Эмили из Молодого Месяца. Искания
Шрифт:
— Неужели, Звезда, ты думаешь, что я не понимаю, какое это для тебя горе? — с сочувствием спросил Дин.
— Вы не можете… понять… до конца. О, я знаю, вам жаль меня. Но мне не нужна жалость. Мне нужно лишь время, чтобы достойно себя похоронить.
Понимая, что самым разумным будет удалиться, Дин ушел. Эмили следила, как его фигура исчезает из вида. Затем она взяла свою немного потрепанную, опозоренную рукопись, которую он положил на каменную скамью, поднялась в свою комнату и несколько минут постояла у окна в угасающем свете дня, перебирая исписанные листы. То одна, то другая фраза попадалась ей на глаза. Остроумные, пикантные, красивые.
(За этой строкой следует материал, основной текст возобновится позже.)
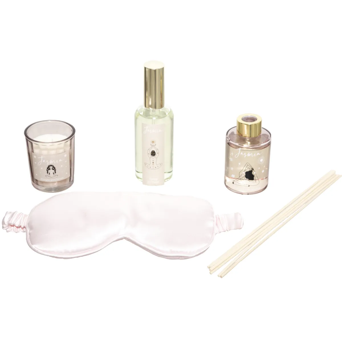 Cadeau idéal quand les nuits sont trop courtes, ce coffret de senteurs comprend 1 masque de nuit satiné, 1 diffuseur d’huiles essentielles à tiges, 1 spray d’ambiance parfumé et 1 bougie* en verrine avec parfum au choix.

Нет-нет, это всего лишь глупые иллюзии автора, по-матерински нежно относящегося к своему созданию. Не было ничего стоящего в ее книге. Так сказал Дин. А ее персонажи… Как она любила их! Какими реальными они казались ей! Было страшно даже подумать о том, чтобы уничтожить их. Но ведь они не были настоящими людьми. Они были всего лишь «марионетками». А марионетки не страдают, когда их бросают в огонь. Эмили подняла
Эмили прошла в другой конец комнаты, положила «Продавца снов» за решетку своего маленького камина, опустилась на колени, зажгла спичку и недрогнувшей рукой поднесла ее к бумаге. Смертоносное пламя жадно набросилось на разрозненные листы. Эмили прижала руки к сердцу и широко раскрытыми глазами следила за огнем, вспоминая тот день, когда она сожгла свою старую «амбарную книгу», лишь бы не позволить тете Элизабет прочесть, что там было написано. Через несколько мгновений рукопись стала множеством извивающихся языков пламени, а еще через несколько секунд уже была кучей сморщенного пепла, и лишь кое-где призрачное слово проступало белым на черном обрывке, словно обращенный к Эмили упрек.
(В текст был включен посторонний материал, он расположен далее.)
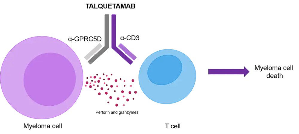 All things considered, GPRC5D has been proposed as a suitable target for CD3-mediated T-cell redirection, resulting in the design of an anti-GPRC5D × CD3 bispecific antibody. The first-in-class bispecific antibody, talquetamab (Figure 1), facilitates the interaction of T-cells and GPRC5D-expressing myeloma cells and subsequent MM cell death. Preclinical and xenograft studies have uncovered the promising anti-tumor activity of talquetamab. An additional asset of talquetamab is its pharmacokinetic (PK) profile, which may reduce the frequency of subcutaneous dosing and, therefore, positively impact the patient experience.1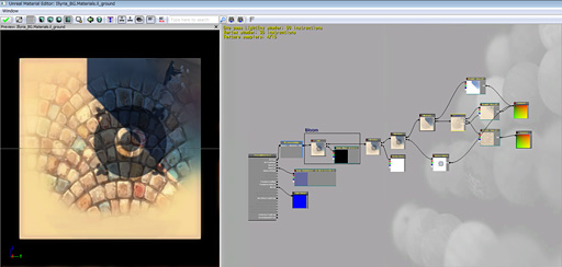 ![]() こちらはUE3のシェーダ調整画面だ。Softimage上で作成されたcgfxシェーダと同じ計算結果となるよう,マテリアルツリーが作成されているのが分かる |

Ее охватило раскаяние. Ох, зачем она это сделала? Зачем она сожгла свою книгу? Пусть даже книга никуда не годилась. Все равно, это было ее произведение. Было грешно сжечь его. Она уничтожила то, что было для нее бесценно. Что в глубокой древности чувствовали матери, которые бросали своих детей в огонь, принося их в жертву Молоху… Что чувствовали эти матери, когда жертвенный порыв и возбуждение проходили? Эмили казалось, что теперь она это знает.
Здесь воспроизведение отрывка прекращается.